Perhaps due to the traditional relationship between wealth and literacy, gout is one of the most commonly-reported maladies in history.
Writing ca. 30 AD, Aulus Cornelius Celsus appeared to recognize many of the features of gout, including its link with a urinary solute, late onset in women, linkage with alcohol, and perhaps even prevention by dairy products. "Again thick urine, the sediment from which is white, indicates that pain and disease are to be apprehended in the region of joints or viscera." and "Joint troubles in the hands and feet are very frequent and persistent, such as occur in cases of podagra and cheiragra. These seldom attack eunuchs or boys before coition with a woman, or women except those in whom the menses have become suppressed.
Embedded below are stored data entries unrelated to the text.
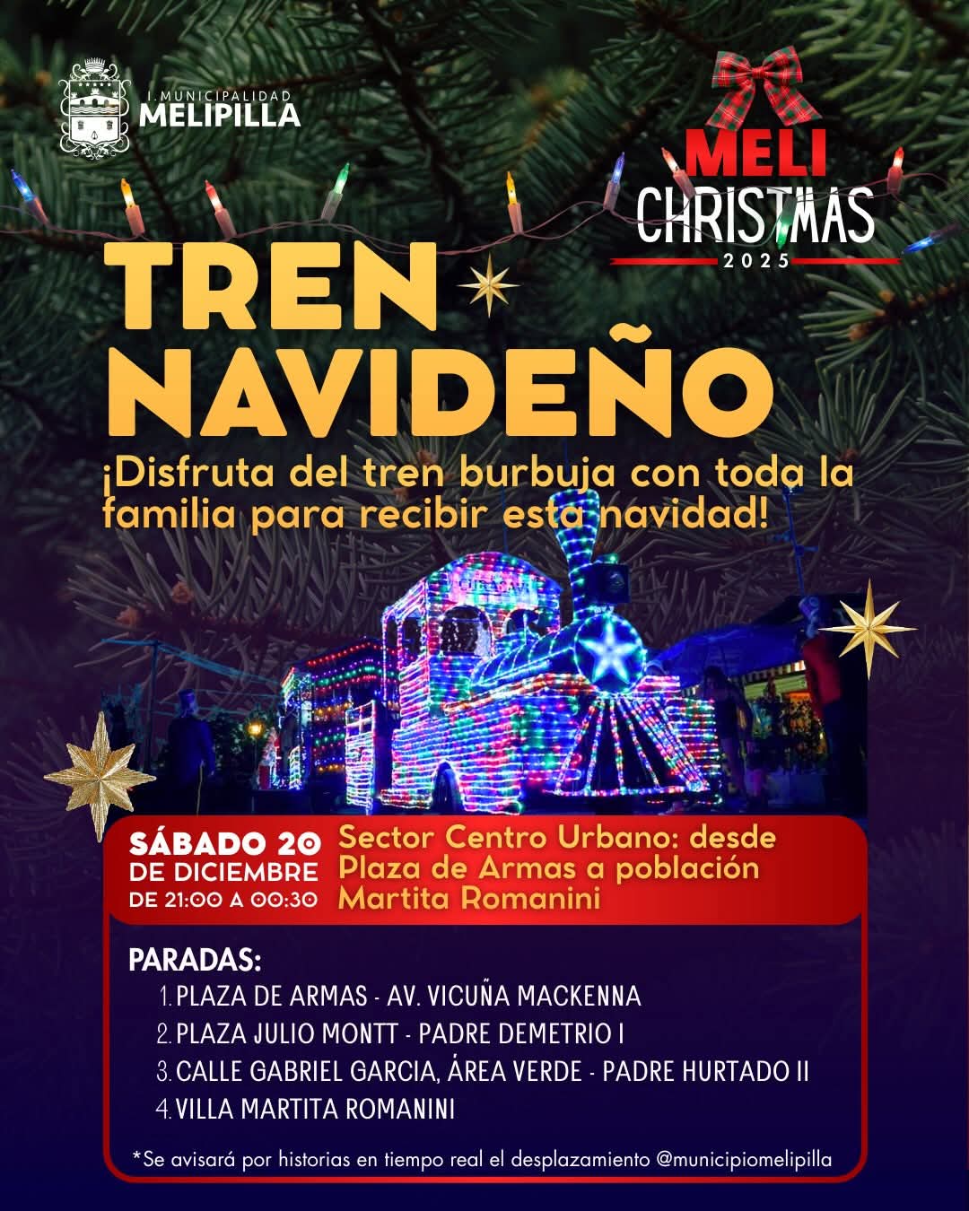 La Municipalidad de Melipilla extendió una invitación abierta a vecinos y vecinas para vivir una jornada marcada por la identidad local y la magia de la Navidad, este sábado 20 de diciembre, con actividades gratuitas pensadas para toda la familia.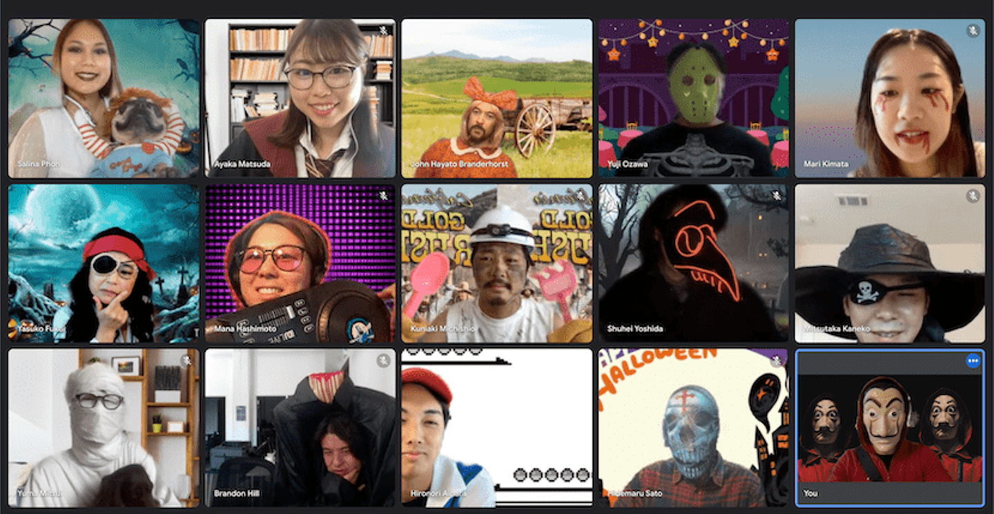 どのスタッフも自身の仮装のみならず、オンラインならではのミーティングのバックグラウンドにもこだわっています;)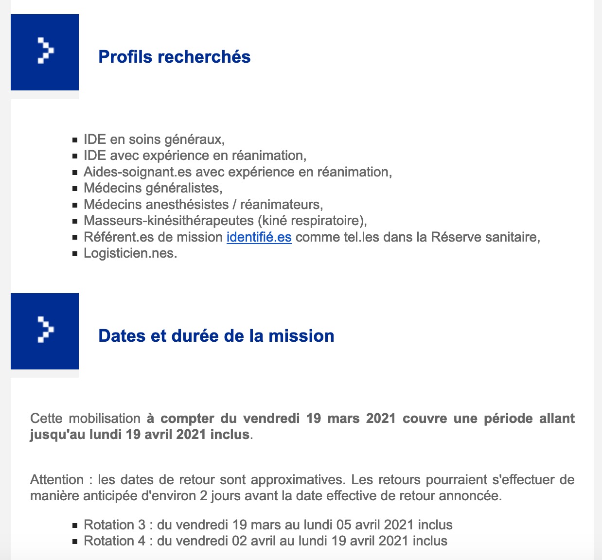 Les profils recherchés sont nombreux : "infirmier.e.s en soins généraux et en réanimation, aides-soignant.e.s, médecins généralistes, anesthésistes, kinés, référent.e.s de missions et logisticien.ne.s".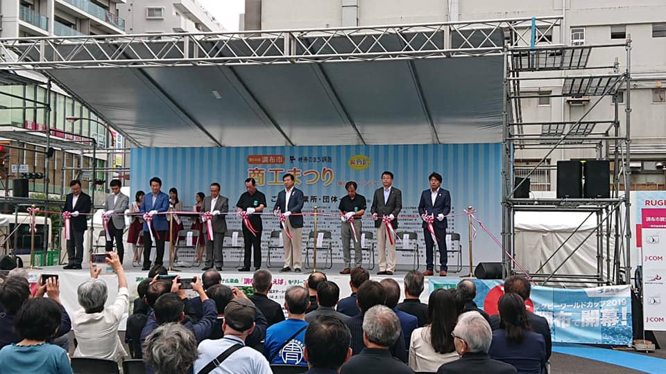 昨日は東京都庁展望台で来週から始まるラグビーワールドカップに出場する日本代表チームの壮行会が開催されました。 20のチームが熱戦を繰り広げるワールドカップがいよいよ開催です。 小池知事からはTOKYOXの豚肉が選手団に送られました。このお肉は東京の地場産のもので、僕も食べた事がありますが柔らかくて美味しいです。 今日は三連休初日、第64回調布市商工まつりが開催されテープカットをしてきました。 ラグビー開催中は駅前広場がファンゾーンとなり、パブリックビューイングなども設置されます。 またその後は狛江のFM局、コマラジが開局したのでその記念式典にてご挨拶してきました。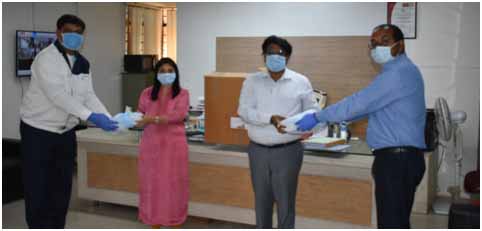 First lot of five lakh triple-ply face masks were handed over to Dr Darsi Suman Ratnam, Managing Director, Gujarat Medical Service Corporation Limited and  Bhartiba Vaghela, Deputy Collector, Government of Gujarat by  Vimal Gupta, General Manager at Krishna Maruti Limited.  Bhavesh Shah, Company Secretary & Legal Head, Suzuki Motor Gujarat looks on. – NE photo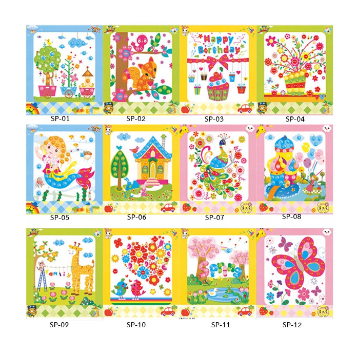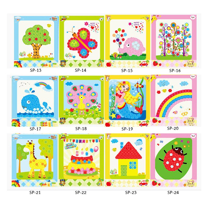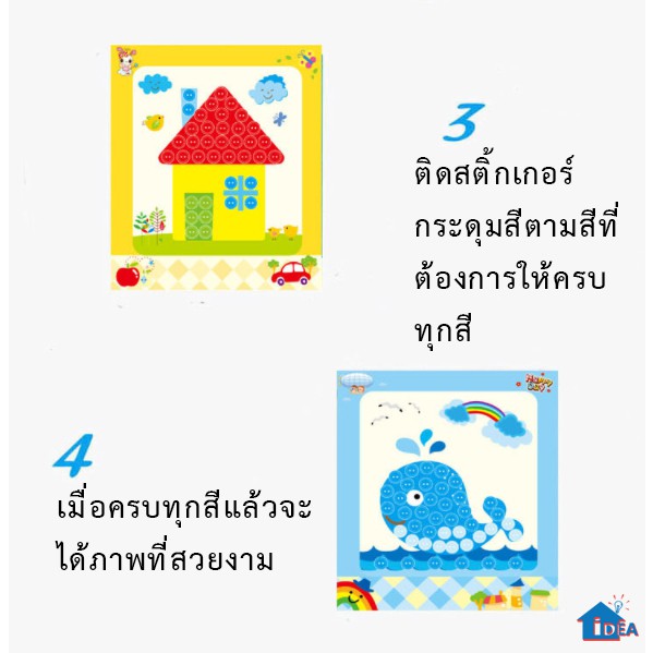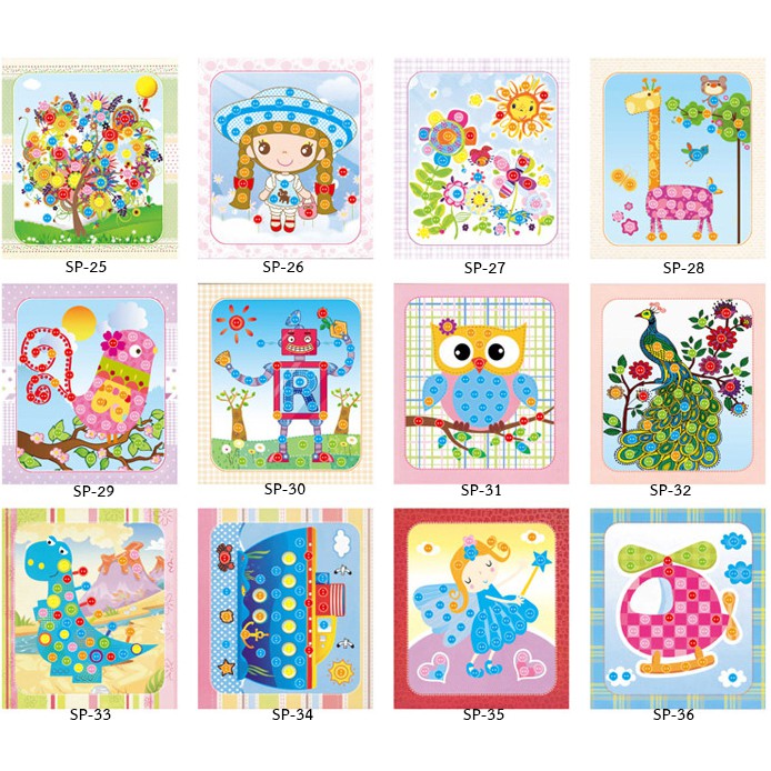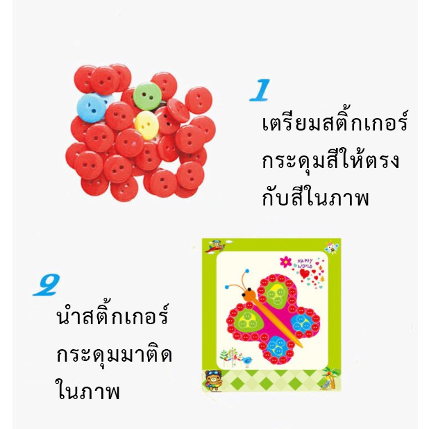 DIYติดภาพด้วยสติ้กเกอร์กระดุมสี ของเล่นงานประดิษฐ์ ศิลปะงานประดิษฐ์เด็ก ของเล่นฝึกสมาธิ ฝึกกล้ามเนื้อมัดเล็ก

Upon the commencement of pain blood should be let; for when this is carried out at once in the first stages it ensures health, often for a year, sometimes for always. Some also, when they have washed themselves out by drinking glasses' milk, evade this disease in perpetuity; some have obtained lifelong security by refraining from wine, mead and venery for a whole year; indeed this course should be adopted especially after the primary attack, even although it has subsided."
The Roman gladiatorial surgeon Galen described gout as a discharge of the four humors of the body in unbalanced amounts into the joints. The Latin term for a drop, as a drop of discharge, is gutta -- the term gout descends from this word.